Шрифт:
Интервал:
Закладка:
Мысль о браке пугала, однако он обдумал ее всесторонне. У нее хорошие задатки: практичная, способная, не причинит ему зла. Женщина, проматывающая мужнины деньги, рано или поздно — по утверждению всех психиатров — кастрирует его. В житейском плане — он с увлечением отдался практическим мыслям — беспорядочность и одиночество холостой жизни были ему невмоготу. Он любил свежие сорочки, выглаженные носовые платки, своевременные набойки — все это было глубоко безразлично Маделин. Тете Тамаре хочется выдать Рамону замуж. У старушки в памяти наверняка застряло несколько слов на идише — шидах, тахлис (Сватовство, цель).

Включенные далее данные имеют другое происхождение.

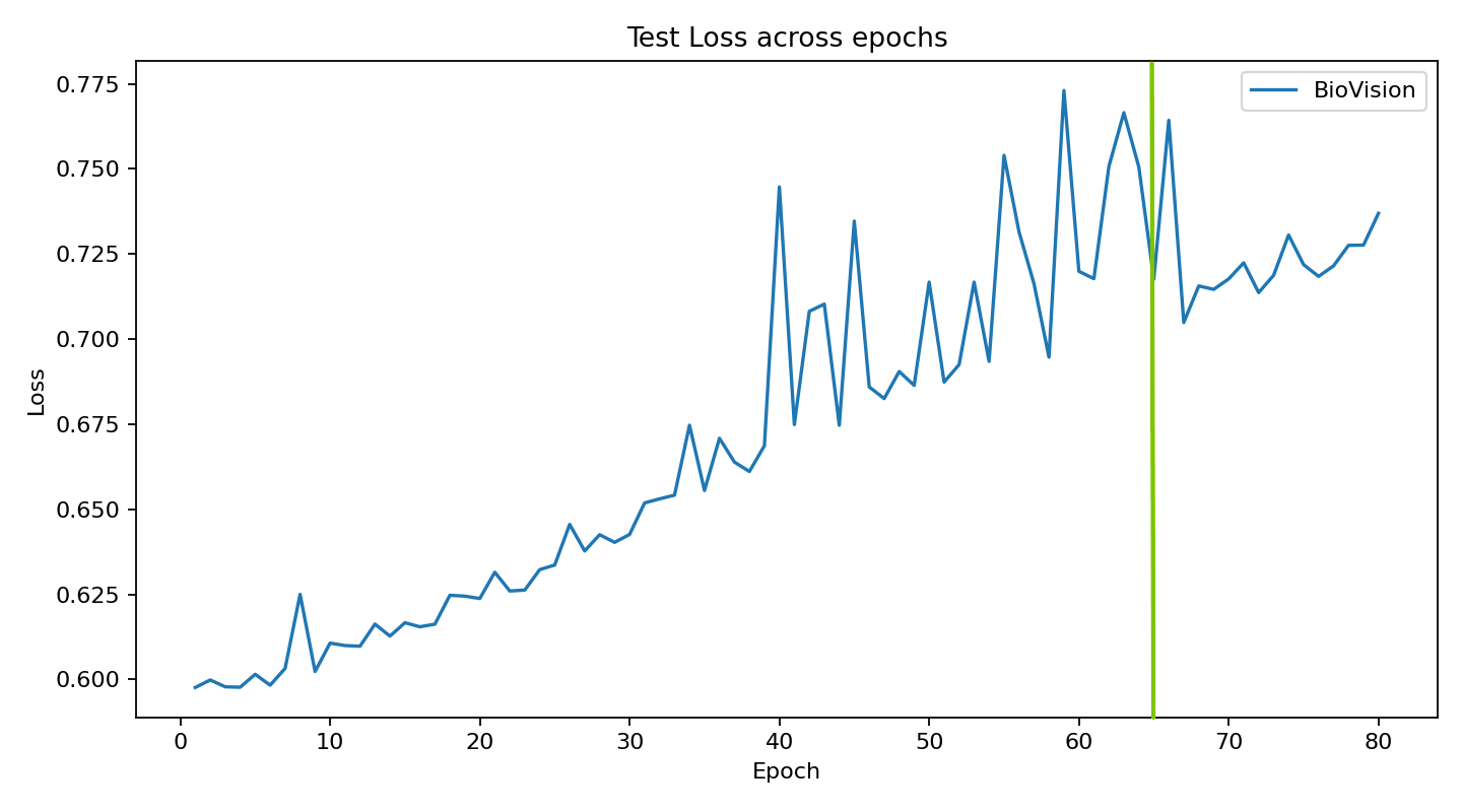 Test loss shows clear markers for overfitting behaviour prior to epoch 65, that begins to stabilize after Verification kicks in.
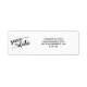 Save the Date return address label black and white with elegant script typography.
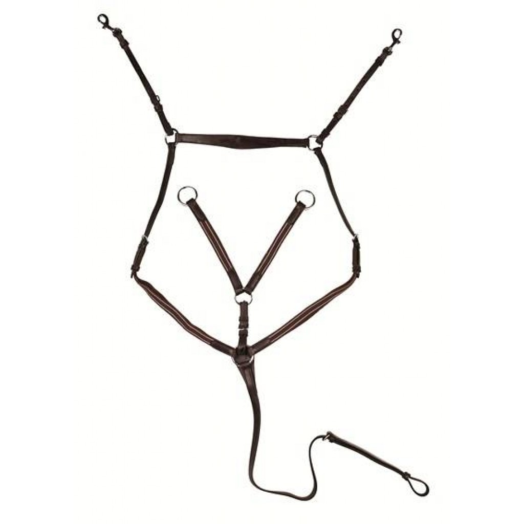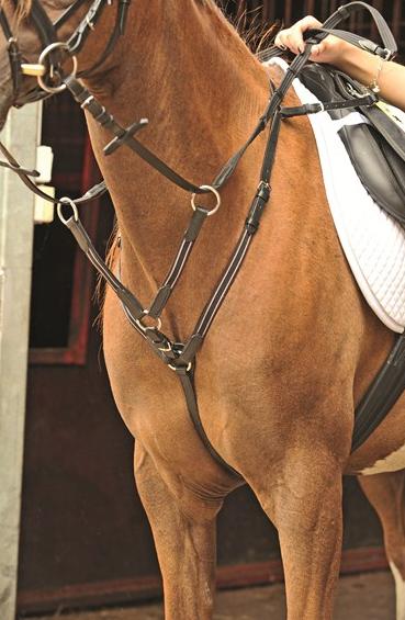 HKM márkájú, kézzel varrott martingál, minőségi bőrből, rugalmas betétekkel, erős, ezüst színű csatokkal.
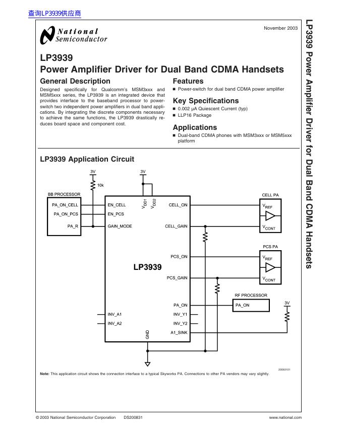 NATIONAL SEMICONDUCTOR - May 27, 2008 DS15BA101 1.5 Gbps Differential Buffer with Adjustable Output Voltage General 说明书
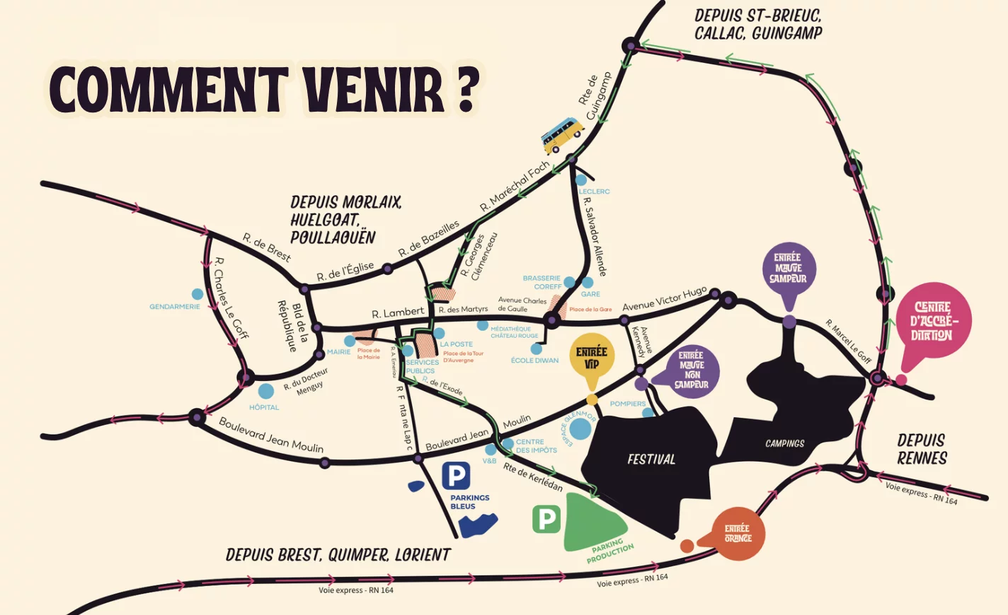 Le réseaux BreizhGo (anciennement Penn ar Bed) vous emmène au pied du festival et vous ramène en toute sécurité. Tarif : 1,50€ le trajet.
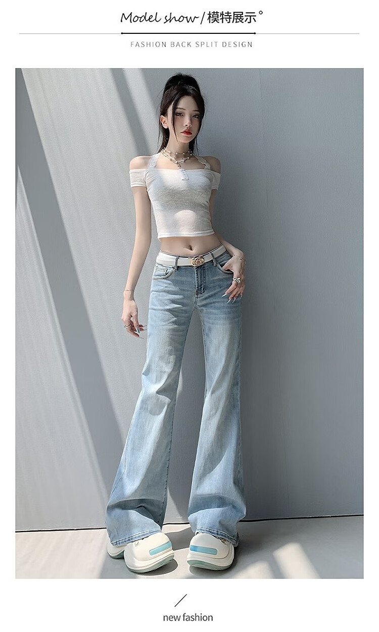 西遇低腰微喇牛仔裤女2025年秋季新款辣妹浅蓝色修身显瘦拖地裤 浅蓝色 (预售15天) S (26)
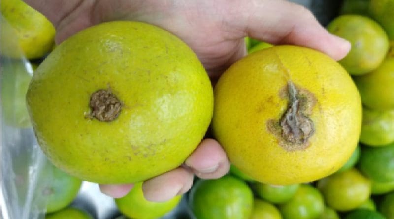 O cancro cítrico é uma das principais ameaças à produção, é causado pela bactéria Xanthomonas citri subsp. citri e afeta todas as espécies e variedades de citros de importância comercial.

Он заделается патриархом, как написано на роду всем Герцогам. Семьянин, отец, продолжатель жизни, посредник между прошлым и будущим, орудие таинственного творения, — сейчас это не котируется. Чтобы отцы вышли из употребления?! Разве что у мужеподобных женщин, у презренных и жалких синих чулков. (Как укрепляют практические мысли!) Он знал, что Рамона дорожит его учеными занятиями, книгами и статьями в энциклопедии, его докторской степенью, Чикагским университетом и очень не прочь стать фрау профессор Герцог. Развлекая себя, он вообразил, как они являются на фрачные приемы в отель «Пьер»: Рамона в длинных перчатках, волнующими верхами голоса она представляет его: «Мой муж, профессор Герцог». И он сам другой человек, Мозес, он излучает благополучие, до краев исполнен достоинства, приветлив со всеми без исключения. Поправляет волосы на затылке. Отменную они составляют парочку, она со своими бзиками, он — со своими! Рамона отыграется за всех, кто нагадил ей в жизни. А он? Он тоже взыщет со своих врагов, йимах шмо! Да сотрутся их имена! Они поставили тенета на моих путях. Вырыли яму впереди меня. Сокруши, Господи, зубы в их ртах!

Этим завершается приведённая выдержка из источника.